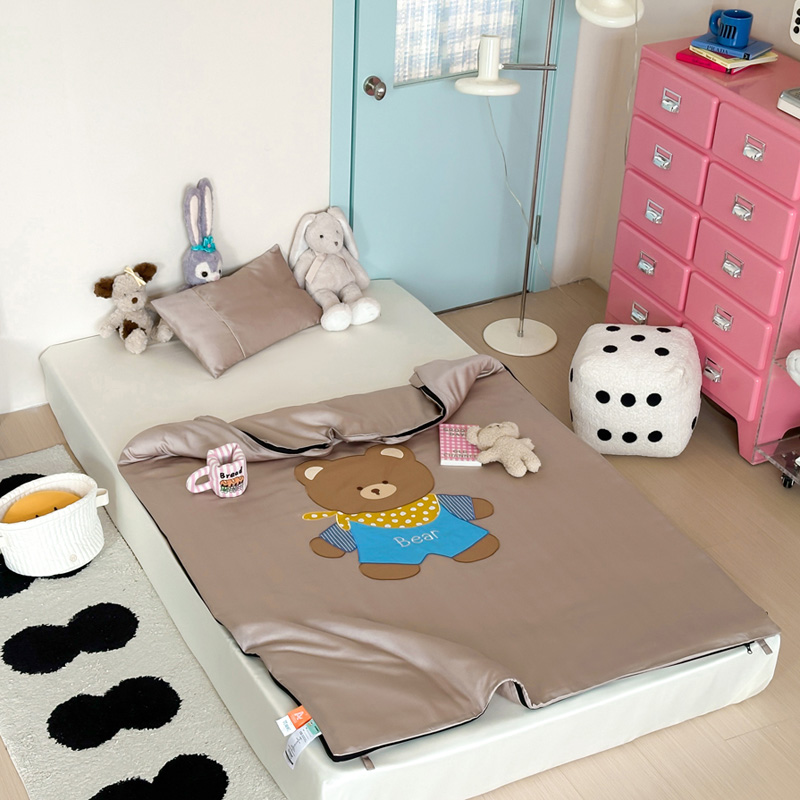 (总)喜多兔儿童家纺 2025春夏新款小软萌贴布绣纱布被,粉色软萌小兔,卡其色软萌小熊,蓝色软萌小象,绿色软萌恐龙,组合图仅供展示
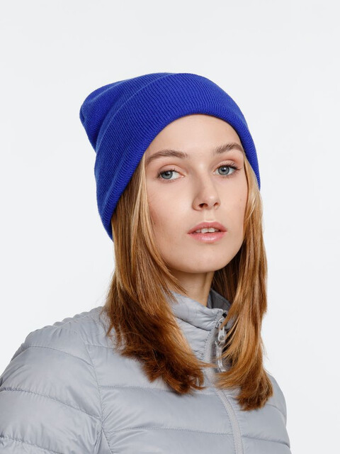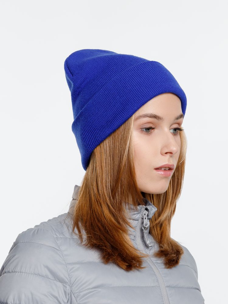 Двухслойная шапка из акриловой пряжи с регулируемым отворотом 7–10 см. Поставляется в пакете с липким краем.
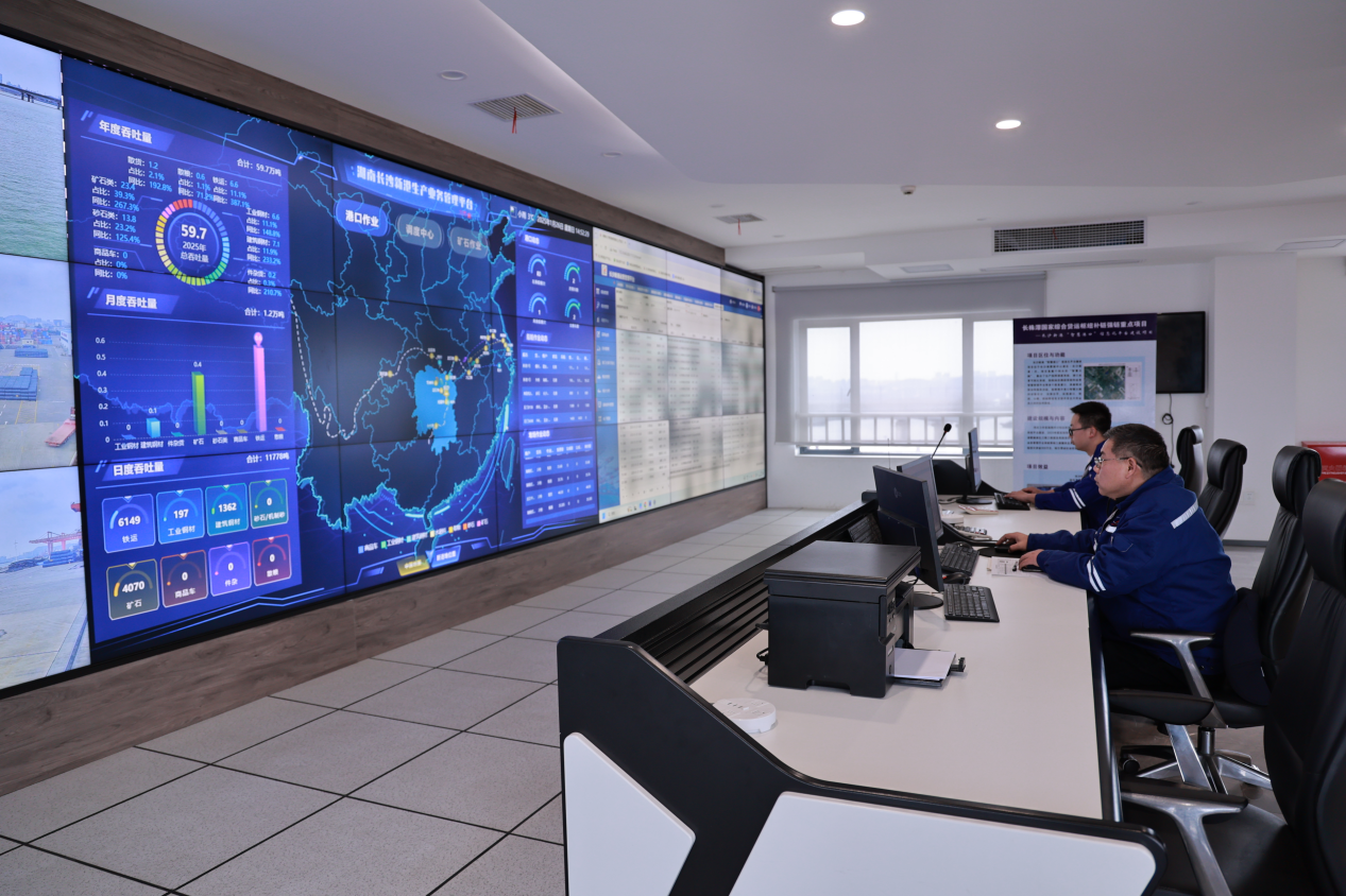 2025年1月28日除夕夜,湖南省城陵磯港口集團長沙新港碼頭燈火通明,機聲轟鳴,一派繁忙景象,長沙新港公司黨委委員、副總經理鄭美洲來到港區開展春節慰問活動,為堅守崗位的職工送上誠摯的感謝和溫暖,并致以節日的問候和新年美好的祝福。 “今年除夕,生產任務依舊繁重,調度中心要多關注生產作業情況”。鄭美洲叮囑到。在5樓智能調度中心監控視頻里,總能看到一個個熟悉的身影穿梭在港區各作業面:北片區4號倉庫正在緊張有序的作業著,碼頭前方滿載庫利塊的船舶正在5號吊機下開始卸貨,長沙新港專用鐵路線上停放著75節車廂,等待裝車發運,一切如同往日。唯一不同的是辦公樓墻面上懸掛的“福”字和中國結,在夜色的襯托下,渲染了春節的喜慶氛圍。

---*---

= Exercise =
Retype the lines above exactly, no pictures.

= Answer to this problem =
 (总)喜多兔儿童家纺 2025春夏新款小软萌贴布绣纱布被,粉色软萌小兔,卡其色软萌小熊,蓝色软萌小象,绿色软萌恐龙,组合图仅供展示
 Двухслойная шапка из акриловой пряжи с регулируемым отворотом 7–10 см. Поставляется в пакете с липким краем.
 2025年1月28日除夕夜,湖南省城陵磯港口集團長沙新港碼頭燈火通明,機聲轟鳴,一派繁忙景象,長沙新港公司黨委委員、副總經理鄭美洲來到港區開展春節慰問活動,為堅守崗位的職工送上誠摯的感謝和溫暖,并致以節日的問候和新年美好的祝福。 “今年除夕,生產任務依舊繁重,調度中心要多關注生產作業情況”。鄭美洲叮囑到。在5樓智能調度中心監控視頻里,總能看到一個個熟悉的身影穿梭在港區各作業面:北片區4號倉庫正在緊張有序的作業著,碼頭前方滿載庫利塊的船舶正在5號吊機下開始卸貨,長沙新港專用鐵路線上停放著75節車廂,等待裝車發運,一切如同往日。唯一不同的是辦公樓墻面上懸掛的“福”字和中國結,在夜色的襯托下,渲染了春節的喜慶氛圍。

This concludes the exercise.